Sinha Santosh K, Kumar Prakash, Sharma Awadesh K, Razi Mahmodullah, Pandey Umeshwar, Sachan Mohit, Shukla Praveen, Aggarwal Puneet, Jha Mukesh J, Thakur Ramesh, Krishna Vinay
Department of Cardiology, LPS Institute of Cardiology, G.S.V.M. Medical College Kanpur, Uttar Pradesh, India.
Department of Cardiology, Rajendra Institute of Medical Science Jharkhand, India.
Am J Cardiovasc Dis. 2021 Oct 25;11(5):544-554. eCollection 2021.
Coronary no-reflow (NRF) following percutaneous coronary intervention (PCI) is infrequent but one of the most dreaded complication which results from impaired flow of microvascular bed. It is associated with adverse outcome if flow is not restored. Objective of this study was to find safety, effectiveness and outcome of intracoronary nikorandil (IC) administered using perforated balloon technique (PBT) to reverse NRF.
2-4 mg of nicorandil was diluted with 5 ml of normal saline and administered using PBT over 5-minute. Its effectiveness was evaluated after 10 minute qualitatively using TIMI flow and quantitatively corrected TIMI frame count (cTFC) method.
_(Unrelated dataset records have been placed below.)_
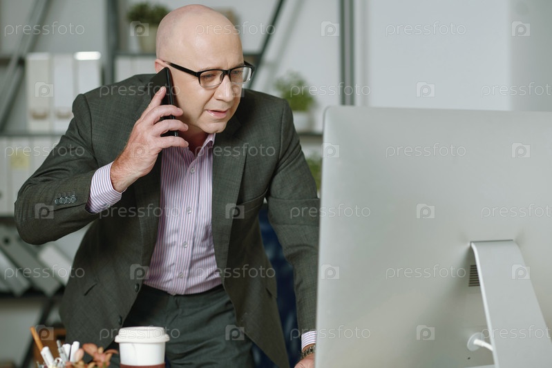 Бизнесмен, работающий по телефону в офисе
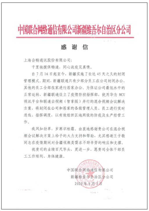在新疆疫情期间,通过会畅通讯与联通统一打造的云视频智享版平台,为超过300家客户提供了云视频SaaS账号,同时也提供了大量技术和商务支撑,获得新疆联通和客户的赞许。
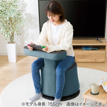 普段はダイニングテーブルなどと合わせ、椅子として使うのはもちろん、ゲームやタブレッド鑑賞時、後ろ向きに座って、テーブルの角度を調整すれば、肘置きに早変わり。
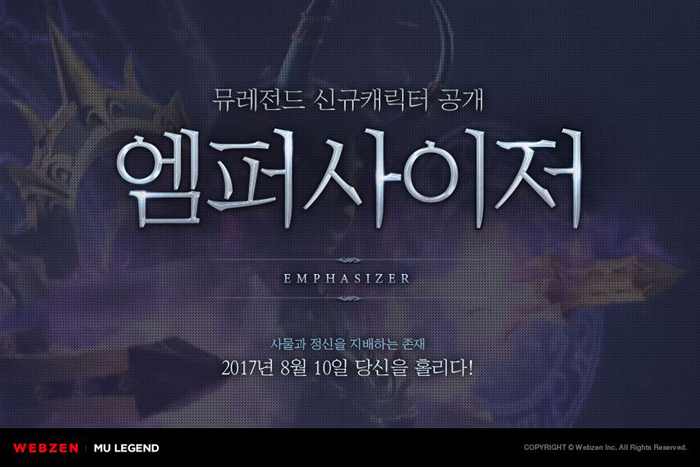 ... 엠퍼사이저는 오랜 기간 혹독한 수련을 통해 사물과 정신을 제어하는 능력을 갖추게 된 캐릭터다. 정교한 공격 능력을 바탕으로 다수의 적에게 강력한 피해를 입히는 ‘밸런스형 딜러’의 역할을 수행한다. 웹젠은 업데이트와 함께 엠퍼사이저의 목소리를 연기한 성우 윤아영의 인
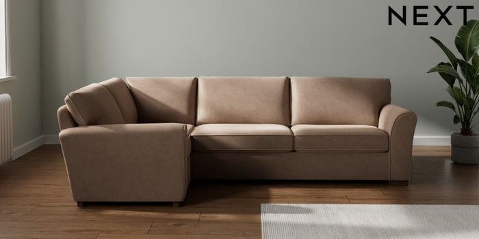 7.3.1 Buy Michigan II Large Corner Sofa - Left Hand Luxe Chenille Mid Natural Slim Block - Mid from the Next UK online shop
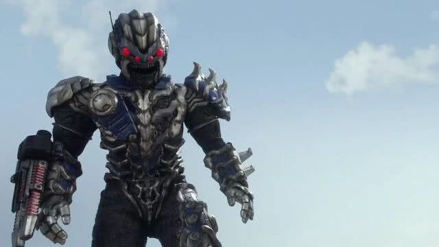 男人睁大眼睛,很快,圆盘飞船朝河岸无人的广场投下一道白色的光柱,随着那道光柱,一道神秘身影快速降落,将那身影投下后,圆盘飞船自动飞走了,那是个半机械的人形外星生物,身上机甲色调为蓝银色,他头部像是蜘蛛,有着四只红色眼睛,与狰狞的大牙利齿,他右臂有着机枪造型的武器,浑身多处都是改造过的痕迹
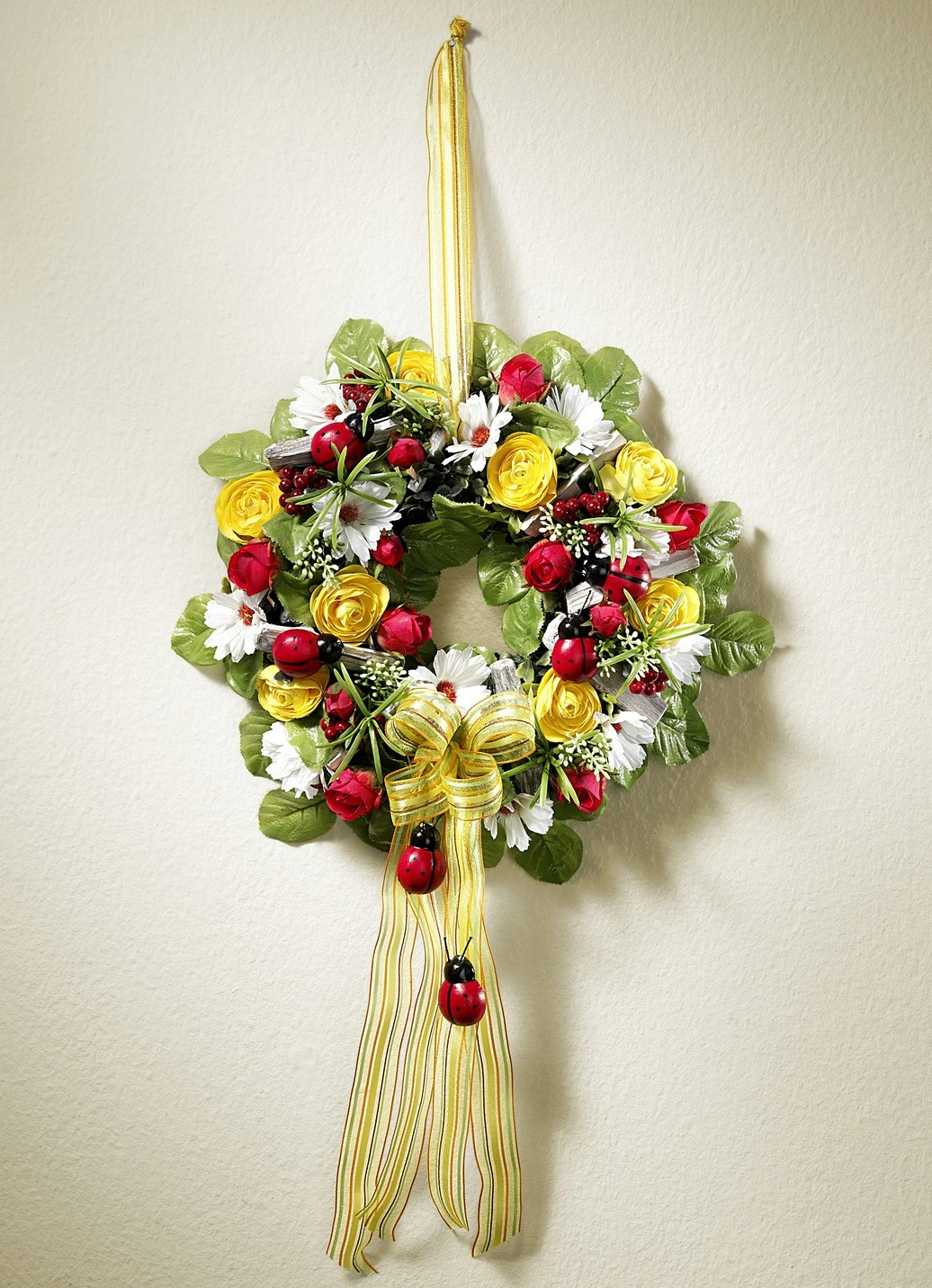 Eine auffallend schöne Dekoration an der Wand oder für eine Tür ist dieses Modell. Auf einen Buchsbaumkranz sind gelbe Ranunkeln, rote Rosen, weiße Margeriten, Hölzer und Marienkäfer gearbeitet. Das farblich passende Textilschleifenband rundet das Arrangement stimmig ab. Aus Kunst- und Textilmaterial gefertigt.
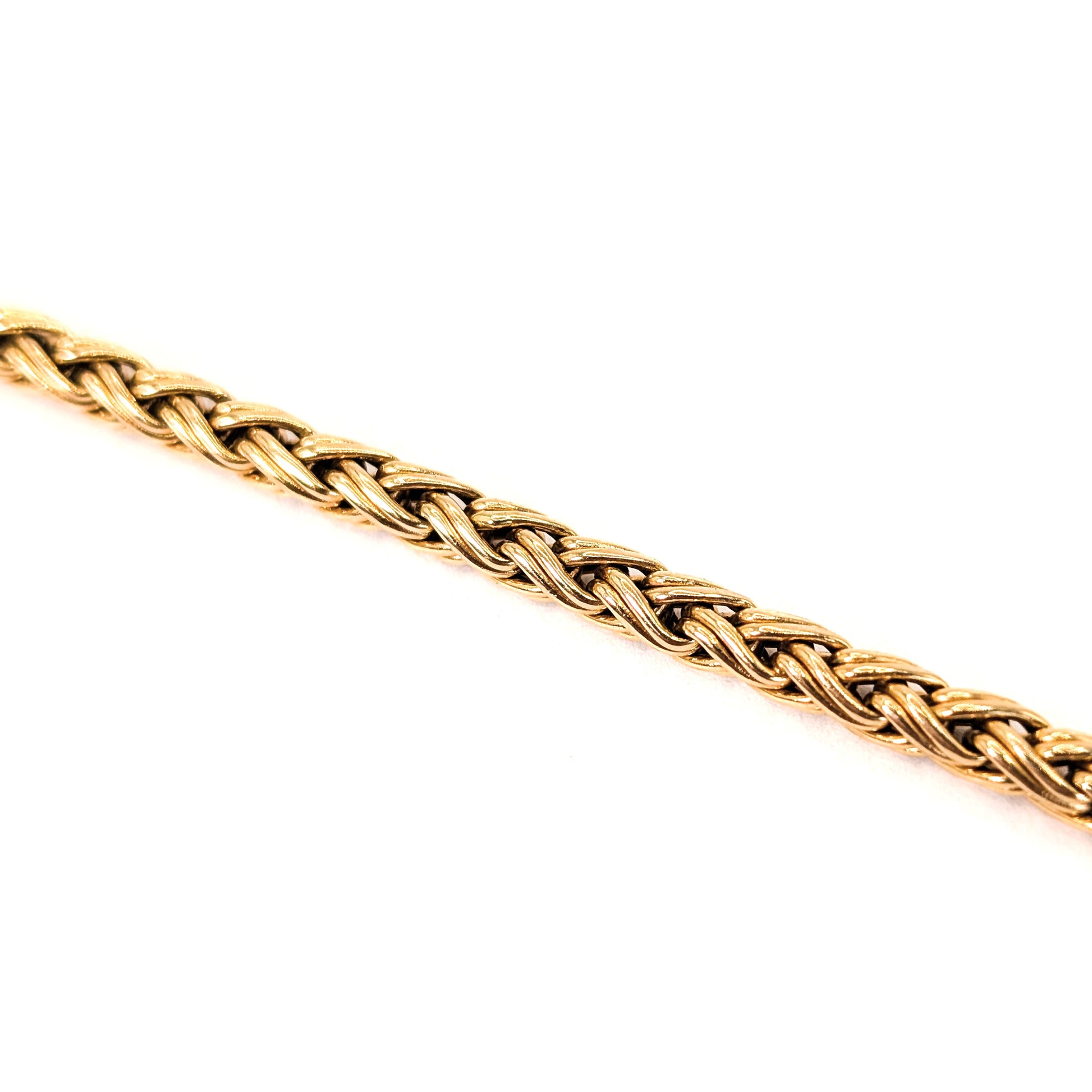 A perfect staple for any jewelry wardrobe. Wear it alone for minimal elegance or stack it with bangles and charm bracelets for a layered gold look. The wheat weave is beloved for its strength, comfort, and shimmering movement.
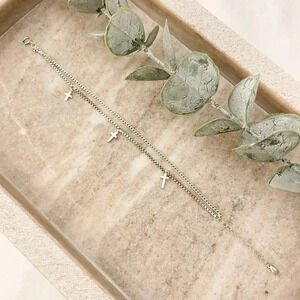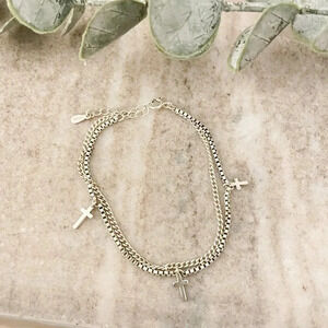 925 Sterling Silver Box Chain Bracelet Dangle Cross Bracelet Dainty Bracelet
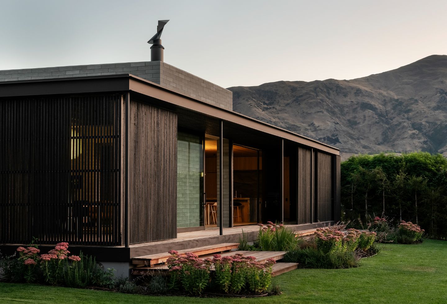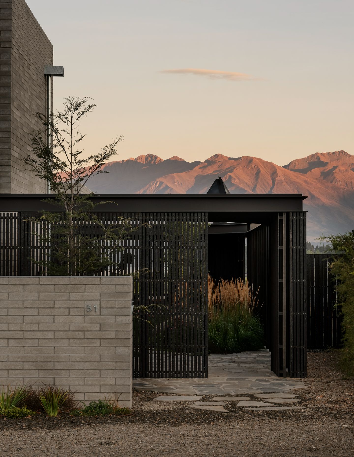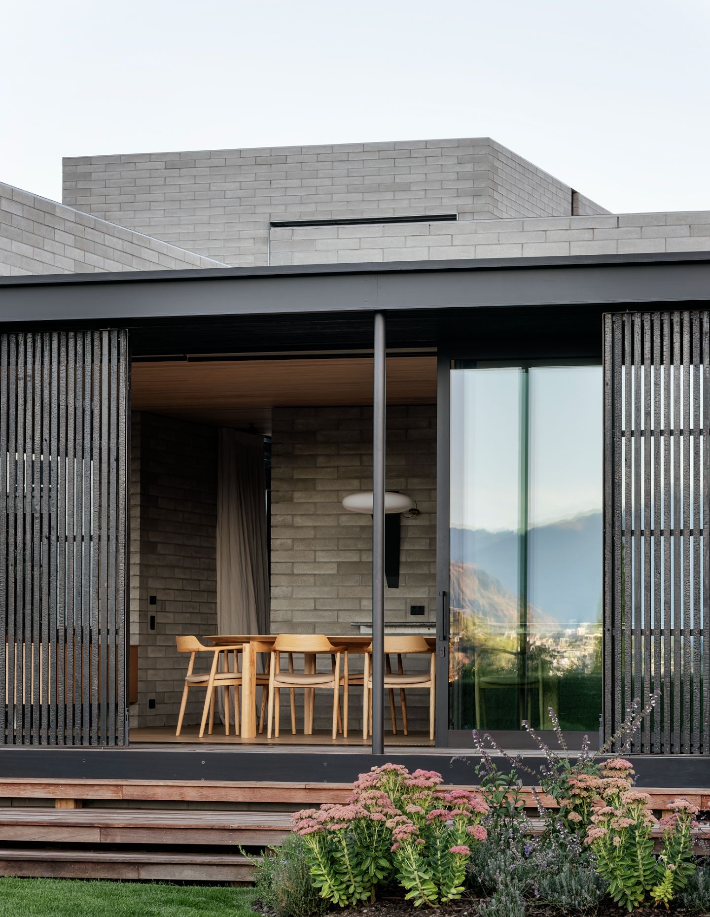 Orientated towards Lake Wānaka and Buchanan Mountain peaks, the street-facing ebonised façade – an abated interpretation of Brutalism – alludes to what lies beyond the walls. The residence presents itself as a series of solid volumes arranged according to the relationship between openness and enclosure. These forms are enveloped by a lightweight screen system, courtyards and selective openings that create an interplay of light and shadow within. To the streetscape, the form is untainted without windows punctuating the façade, empowering the view over the lake while providing utter privacy.
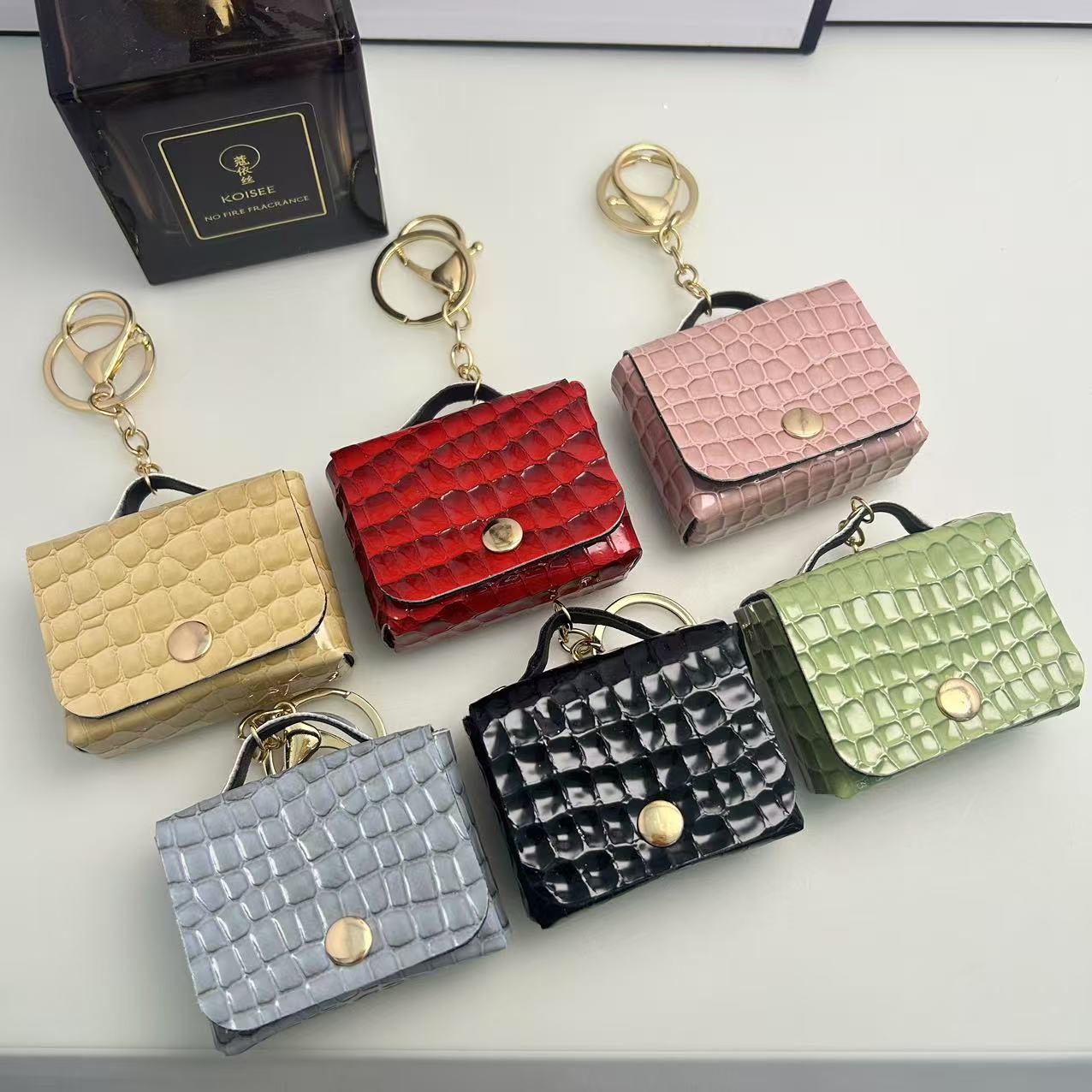 2025 new earphone bag mini bag imitation crocodile leather small bag temperament mixed color keychain pendant 中文版
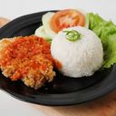 Crispy battered fried chicken, mixed with hot and spicy sambal, served with white rice and traditional salad
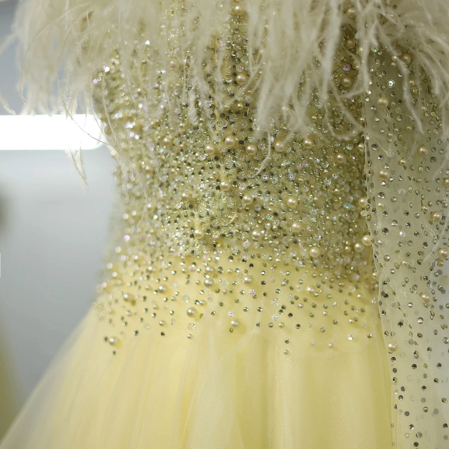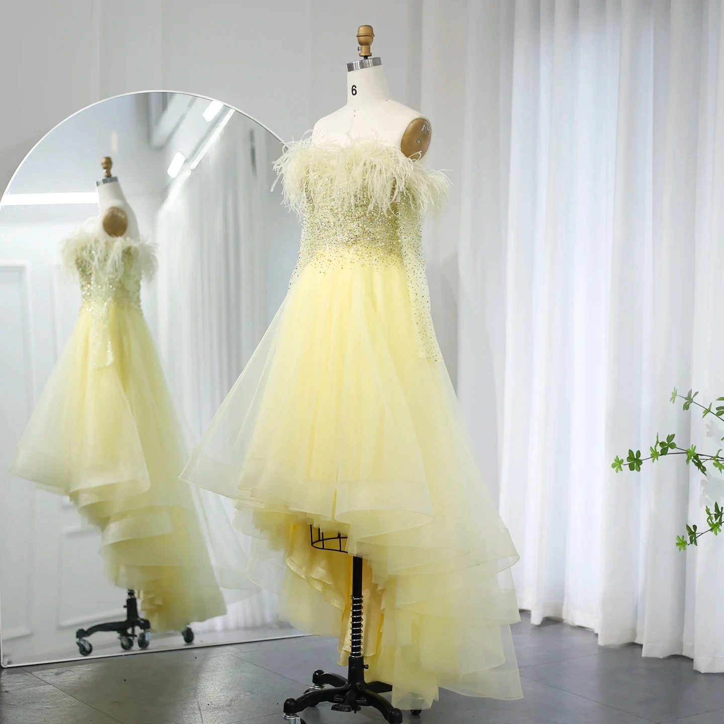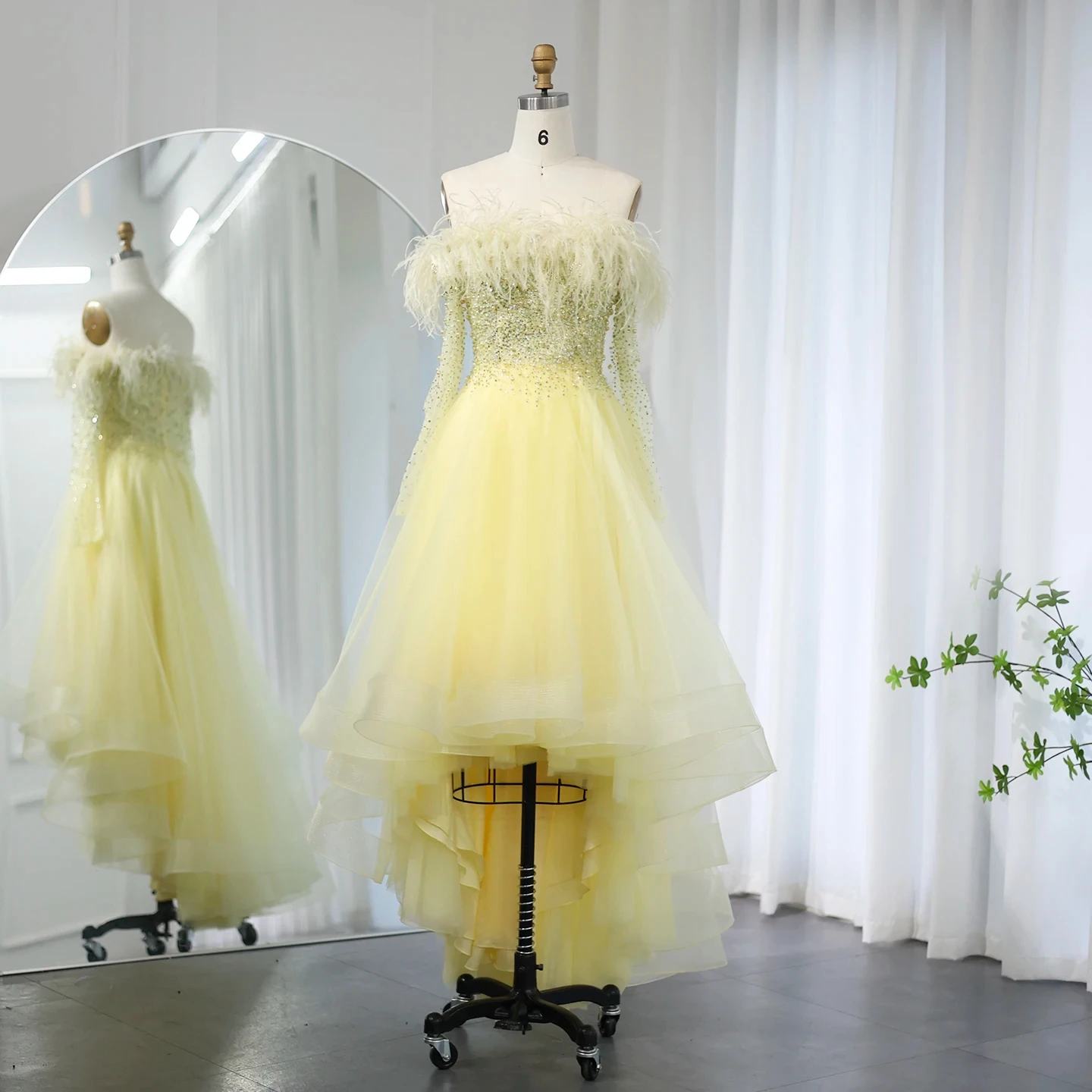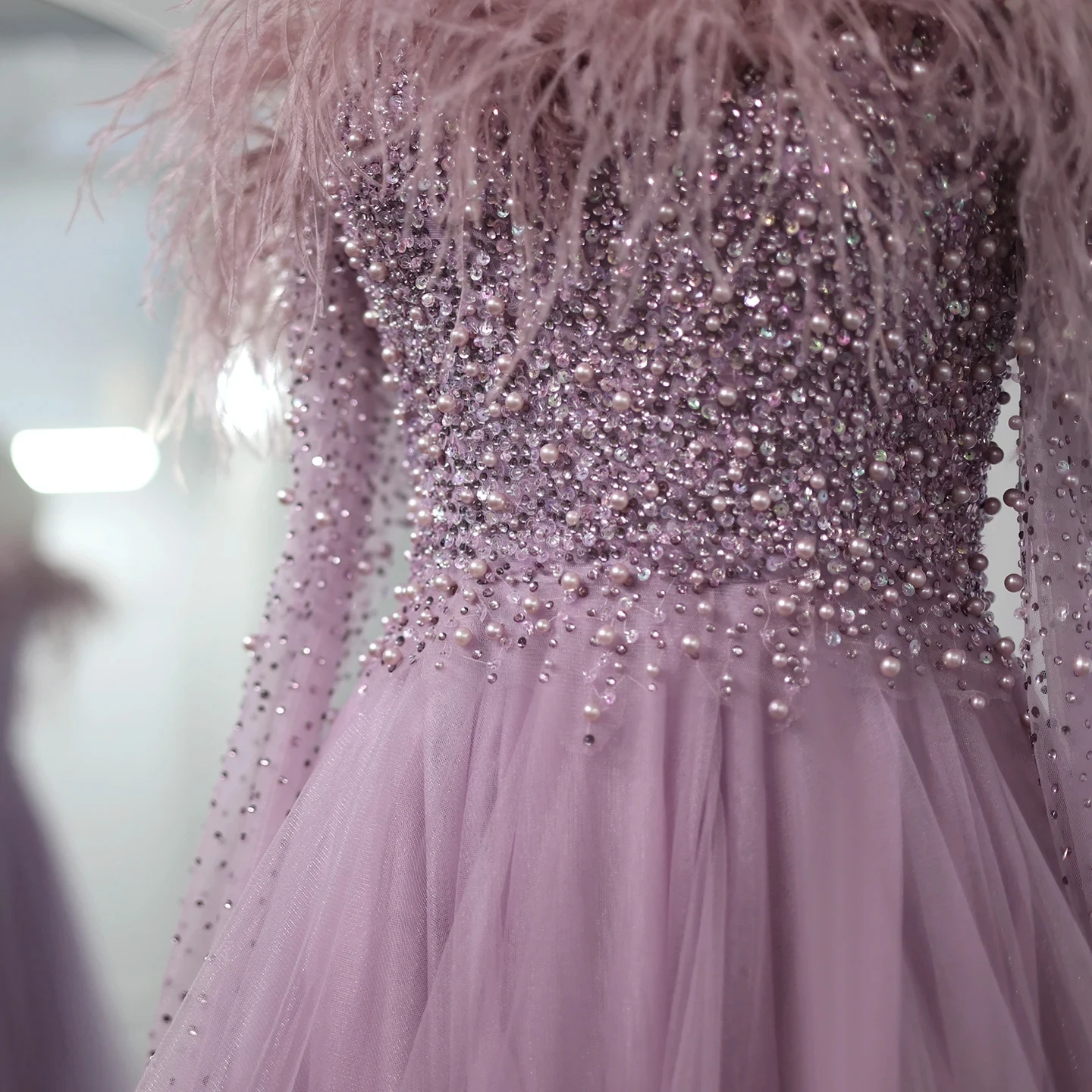 Luxury Feathers Dubai Purple High Low Evening Dresses Elegant Off Shoulder Arab Women Wedding Party Prom Dress Sz465

Study comprised of 84 patients (out of 1789 patients undergoing PCI between January 2019 and February 2020). Their mean age was 57.8±17.9 years. Following PBT, TIMI III flow was successfully normalized in 71 subjects (84.5%), ten (12%) patients had TIMI II flow and it was not successful in three (3.5%) patients. TIMI flow grade got bettered from 1.03 to 2.58 and cTIMI frame count regressed from 52.9±11 to 16.5±5 (P < 0.001). PBT was well tolerated except short lived drop in blood pressure (n=10; 11.9%).
This study, for the first time to the best our knowledge, demonstrated that PBT mediated intracoronary administration of nikorandil distally was rapid, safe, and efficacious method to deal with NRF.
经皮冠状动脉介入治疗(PCI)后发生的冠状动脉无复流(NRF)并不常见,但却是最可怕的并发症之一,它是由微血管床血流受损所致。如果血流未恢复,会导致不良后果。本研究的目的是探讨使用多孔球囊技术(PBT)冠状动脉内注射尼可地尔(IC)逆转NRF的安全性、有效性及预后。
将2 - 4 mg尼可地尔用5 ml生理盐水稀释,采用PBT在5分钟内给药。10分钟后使用心肌梗死溶栓试验(TIMI)血流分级进行定性评估,并采用校正的TIMI帧数计数(cTFC)方法进行定量评估其有效性。
本研究纳入了84例患者(在2019年1月至2020年2月期间接受PCI的1789例患者中)。他们的平均年龄为57.8±17.9岁。采用PBT后,71例患者(84.5%)TIMI Ⅲ级血流成功恢复正常,10例患者(12%)为TIMI Ⅱ级血流,3例患者(3.5%)未成功。TIMI血流分级从1.03改善至2.58,校正的TIMI帧数从52.9±11降至16.5±5(P < 0.001)。除了短暂的血压下降(n = 10;11.9%)外,PBT耐受性良好。
据我们所知,本研究首次表明,PBT介导的冠状动脉远端注射尼可地尔是一种快速、安全且有效的处理NRF的方法。